The above code seems to execute the multiply in parallel (numImages = 3 for my app). There are also Stream methods to aid in uploading/downloading images to and from GPU memory as well as methods to check the state of a stream in order to aid in synchronization with other code.

So... it apparently does not require multiple CUDA devices (i.e. GPU cards) in order to execute OpenCV GPU code in parallel!

Comments

0

I don't know anything about OpenCV's GPU functions, but if they are completely self-contained (i.e., create GPU context, transfer data to GPU, compute results, transfer results back to CPU), then it's not surprising that these functions appear serialized when using a single GPU.

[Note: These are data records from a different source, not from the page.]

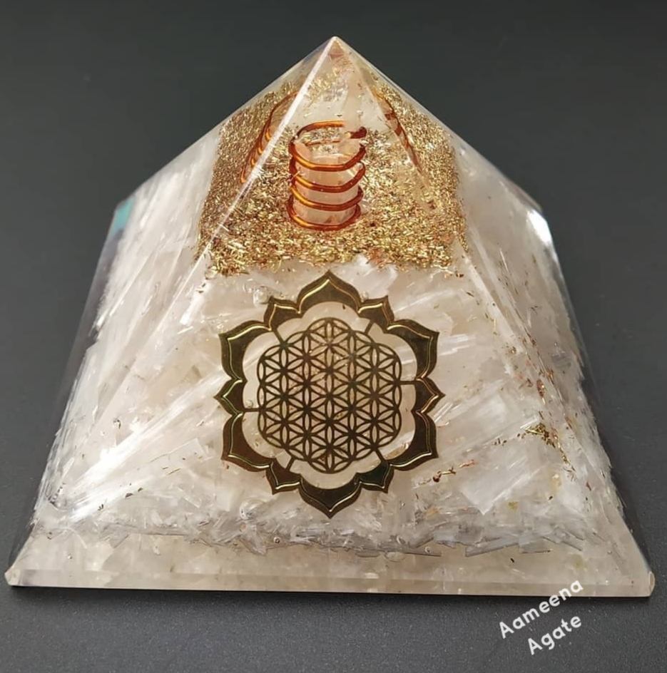 Selenite orgonite พีระมิดผลึกบำบัดจากธรรมชาติ
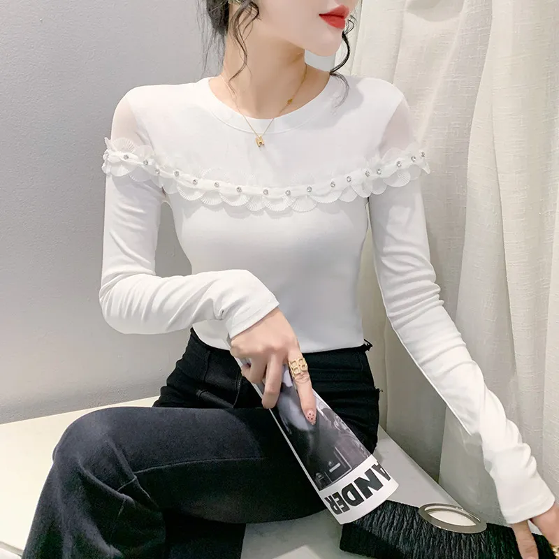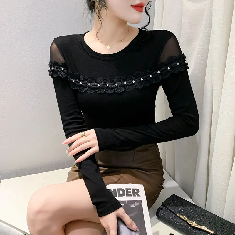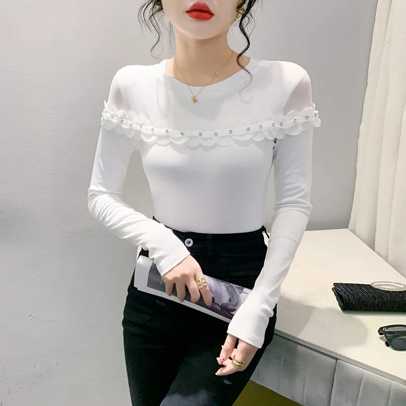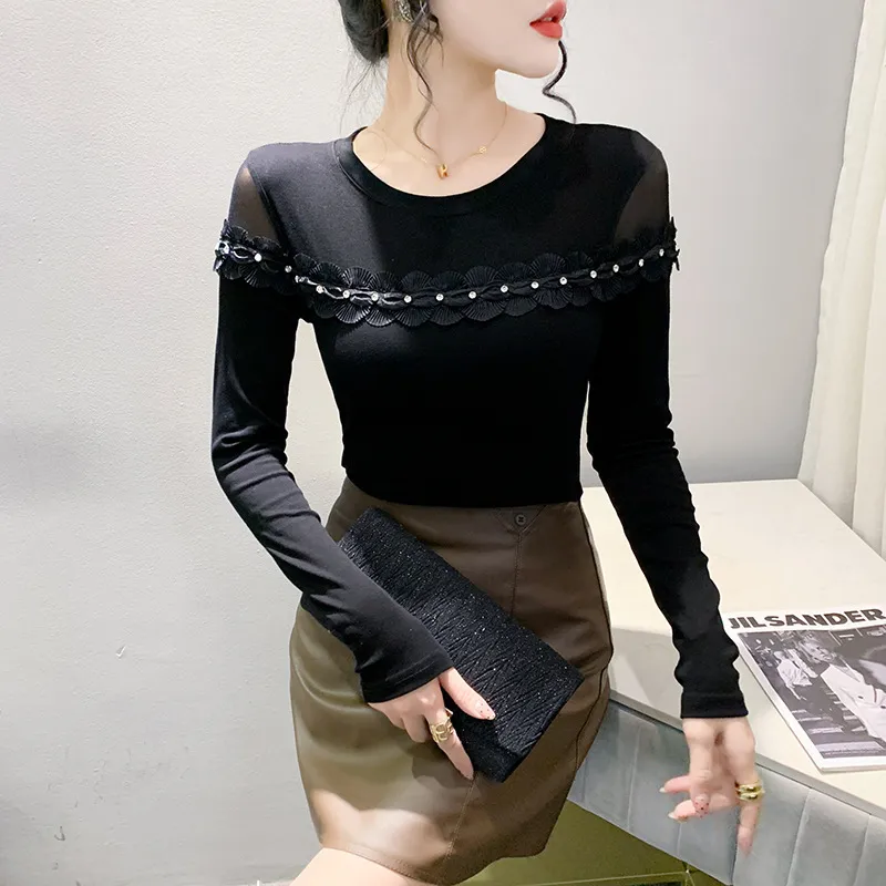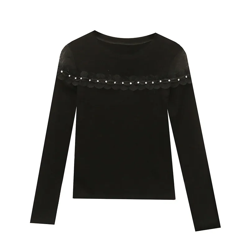 衣都精品- 2023新款歐風彩色花朵半高領打底小衫上衣
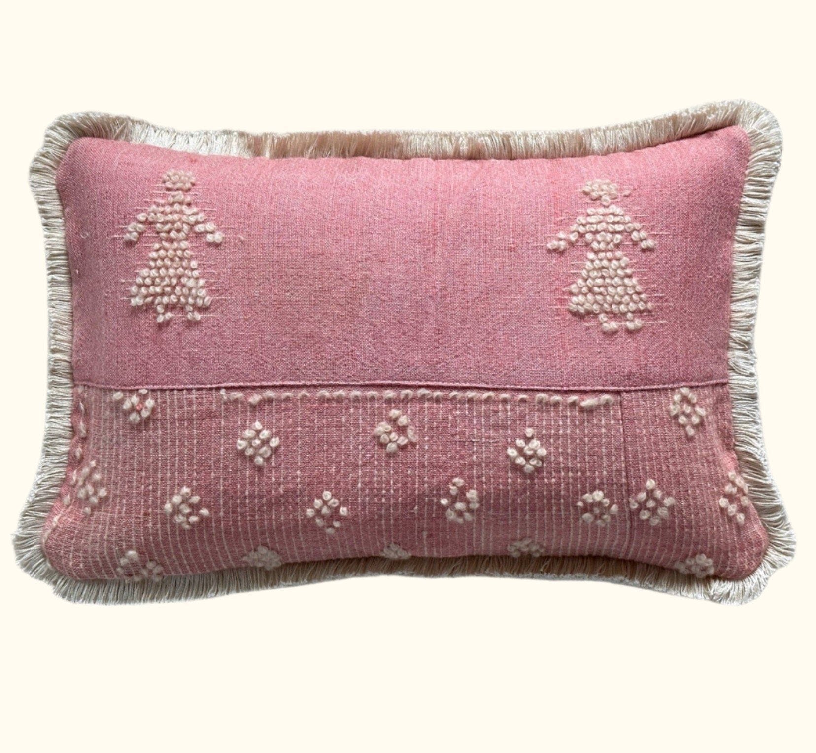 - All pillows are carefully constructed with the finest natural materials. As the fronts are vintage and antique textiles, some imperfections may be present. Great care and attention has been taken to ensure that significant tears or stains have been addressed or avoided. The vintage textiles have been lined, and each pillow is sewn with overlocked inside seams with generous seam allowances and finished with hidden zippers. Back fabrics are either natural linen or cotton velvet.
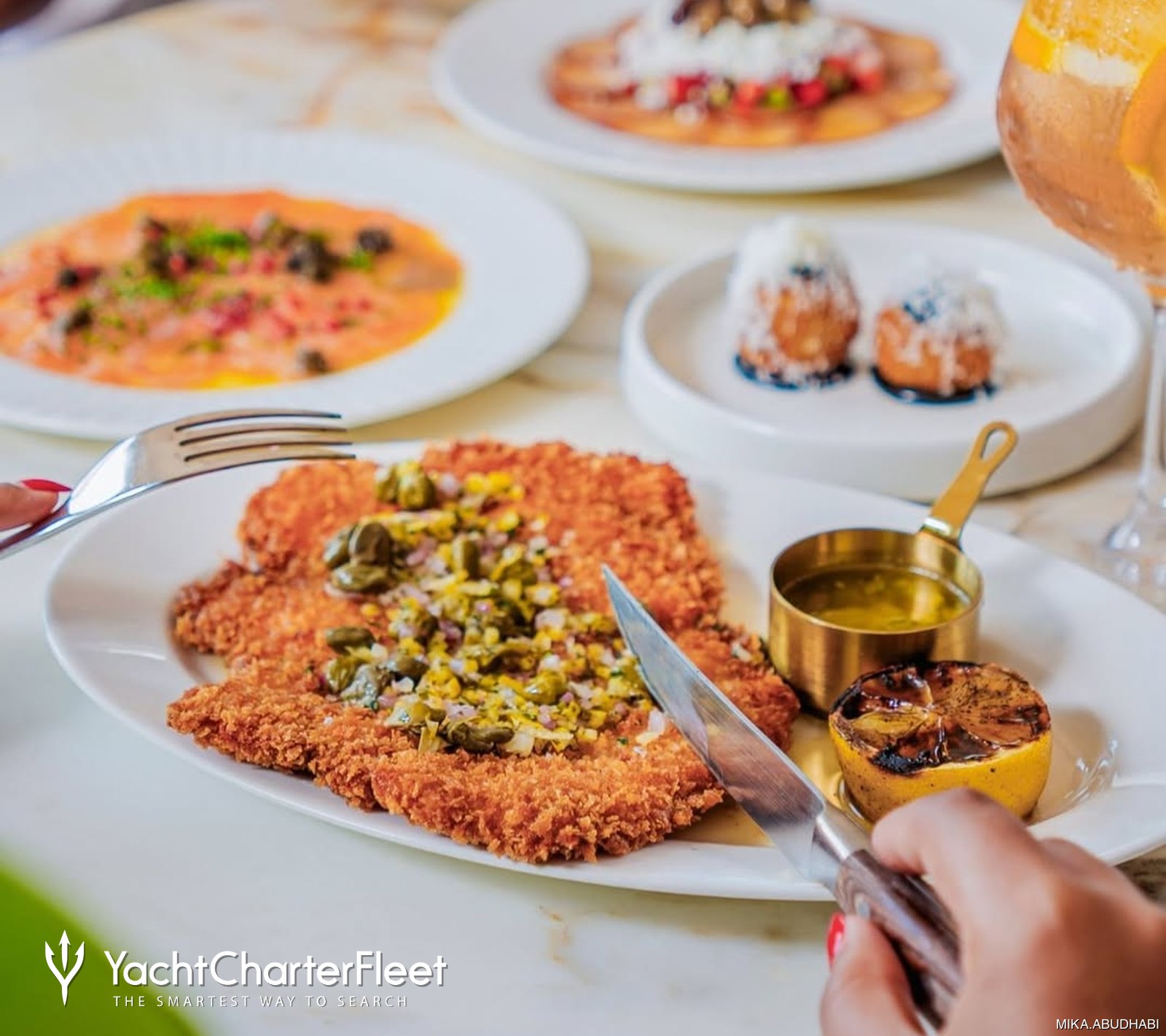 If your superyacht is berthed at Yas Marina during the F1 Abu Dhabi Grand Prix, there are plenty of dining options to suit every palate right on your doorstep.

If you have multiple GPUs, then there should be some way to tell the OpenCV function to target a specific GPU. If you have multiple GPUs and can target them effectively, I then I see no reason why the GPU function calls wouldn't be parallelized. According to the OpenCV wiki, the GPU functions target only a single GPU, but you can manually split up work yourself: http://opencv.willowgarage.com/wiki/OpenCV%20GPU%20FAQ#Can_I_use_two_or_more_GPUs.3F

Dual GPUs like the GTX 690 will appear as two distinct devices with their own memory as far as your GPU program is concerned. See here: http://forums.nvidia.com/index.php?showtopic=231726

Also, if you are going a dual GPU route for compute applications, I would recommend against the GTX 690 because its compute performance is somewhat crippled compared to the GTX 590.

3 Comments

Interesting comment about the 690 vs. 590 performance. This nVidia page indicates a higher computer capability for the 690. Do you have any specifics on how the 690 is crippled?
"According to the OpenCV wiki, the GPU functions target only a single GPU, but you can manually split up work yourself" sadly the link is no more active. What does it mean manually split it up? You have to set the device Id before every gpu opencv call? Is there any official example supporting the statement.
Also does it mean that in SLI / CrossFire mode one should do the manual switch?
0

The GTX 290 behaves as 2 separate CUDA devices, regardless of which OpenCV version you use. You don't need multiple GPU cards to get multiple GPUs, which you have 2 on one card such as in the GTX 290. But, from the CUDA programming perspective, there is not much difference between using the two GPUs on the 290 and using 2 GPUs on separately connected GPU cards. Many OpenCV users use ArrayFire CUDA library to supplement with more image processing features and the easy multi-GPU scaling. Of course, my disclaimer is that I work on ArrayFire, but I really do think that it will help you in this case.